El compromiso del garante es personal. Cuando se ejecuta, paga su propia deuda, totalmente distinta de la obligación principal. Se excluye toda oposición en razón del contrato subyacente. La garantía es irrevocable, salvo que se establezca lo contrario. Es una declaración unilateral no recepticia. Tiene efecto desde la fecha de su emisión, salvo que se haya dispuesto en la propia garantía un aplazamiento de sus efectos o una condición para su efectividad.

La obligación de pago del garante surge con la presentación de una demanda por escrito y los demás documentos especificados en la garantía. Esta obligación de pago no se condiciona a la prueba del incumplimiento por el deudor principal de la obligación subyacente. Al garante no le incumbe el hecho del incumplimiento, sólo los documentos. No es una garantía accesoria. En este tipo de garantías la obligación de pago del garante no puede tener otra condición distinta que la presentación de una reclamación por escrito y los documentos especificados en el contrato. Se desnaturaliza la garantía autónoma si se requiere al garante para que decida sobre si se han cumplido o no las obligaciones derivadas de la relación subyacente.

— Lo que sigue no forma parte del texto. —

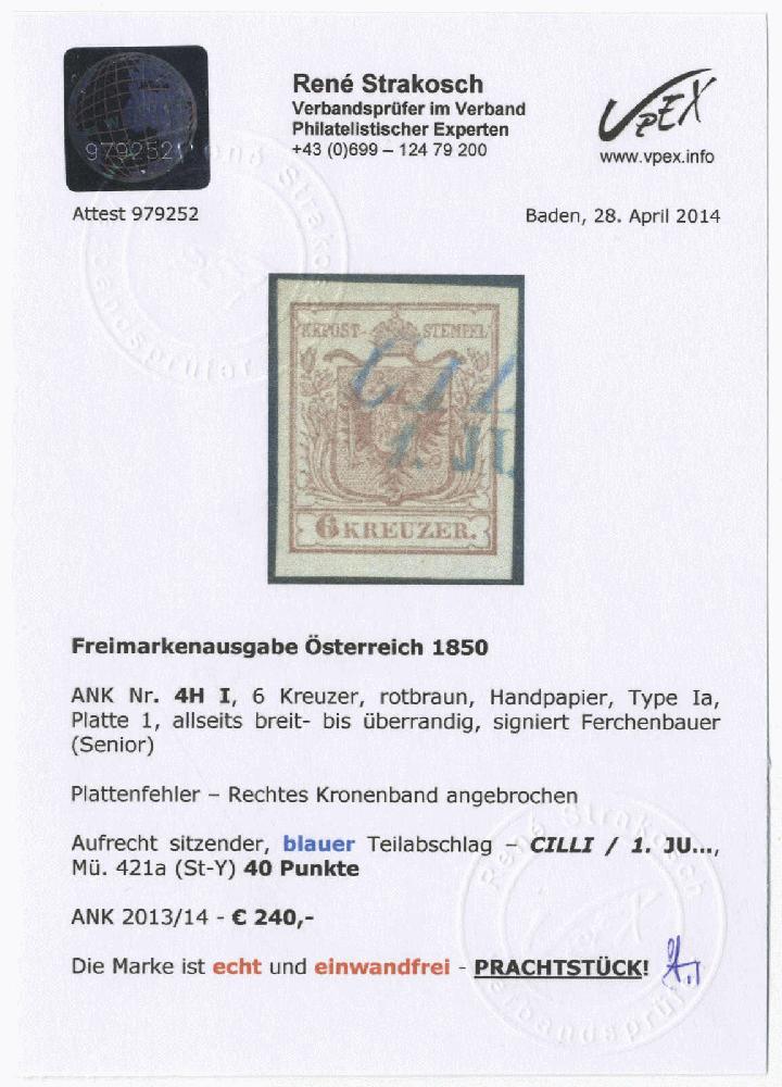 | Zusatzinformationen und Suchstichworte: | 72. Deider Auktion 29. Juni - 1. Juli 2023 Los 2304 Österreich FRÜHVERWENDUNGEN DER AUSGABE 1850 "CIL(LI)/1. JU(NI)", blauer Teil-L2 auf frischem, breitrandigem Kabinettstück 6 Kr. rotbraun, vermutlich Ersttags-Entwertung, sign. Paul Ferchenbauer sowie Fotobefund Strakosch. Ausruf 120,00 EUR |

El garante debe examinar con diligencia los documentos que se presenten para ejecutar una garantía incluida la reclamación. Debe rechazar aquellos documentos que externamente no se correspondan con los especificados en la garantía. Para realizar esta tarea dispone de un tiempo razonable. El rechazo de la reclamación de pago debe ser comunicado por el garante inmediatamente al beneficiario. Los documentos recibidos deben ser puestos a disposición del beneficiario.

El ordenante debe ser informado de la presentación de la reclamación, del pago y, en su caso, del rechazo de la reclamación. El principal debe ser informado por escrito de la reclamación presentada por el beneficiario. La notificación del pago tiene la finalidad de evitar el pago por el ordenante, deudor principal, de la obligación garantizada. Tiene aplicación lo dispuesto en el art. 1.842 del Código civil, según el cual si el fiador ha pagado sin ponerlo en noticia del deudor, y éste, ignorando el pago, lo repite por su parte, no queda al primero recurso alguno contra el segundo, pero sí contra el acreedor. Salvo previsión expresa en contrario, el derecho del beneficiario a reclamar el pago derivado de la garantía es intransmisible. El garante que paga por ser ejecutada la garantía, dispone de la acción de reembolso frente al cliente ordenante en los términos pactados en el contrato de comisión.

Si bien en principio no puede exigirse al beneficiario que acredite el incumplimiento del obligado principal, siendo suficiente su reclamación para que nazca la obligación de pago del garante, una vez ha pagado, en aras de la buena fe contractual, se permite al garante probar, en contienda judicial, que el deudor principal ha pagado o cumplido su obligación con la consiguiente repetición de lo pagado frente al beneficiario que ha abusado de su posición (véase STS 17-II-2000). Rige el principio de solve et repete, produciéndose una inversión de la carga de la prueba.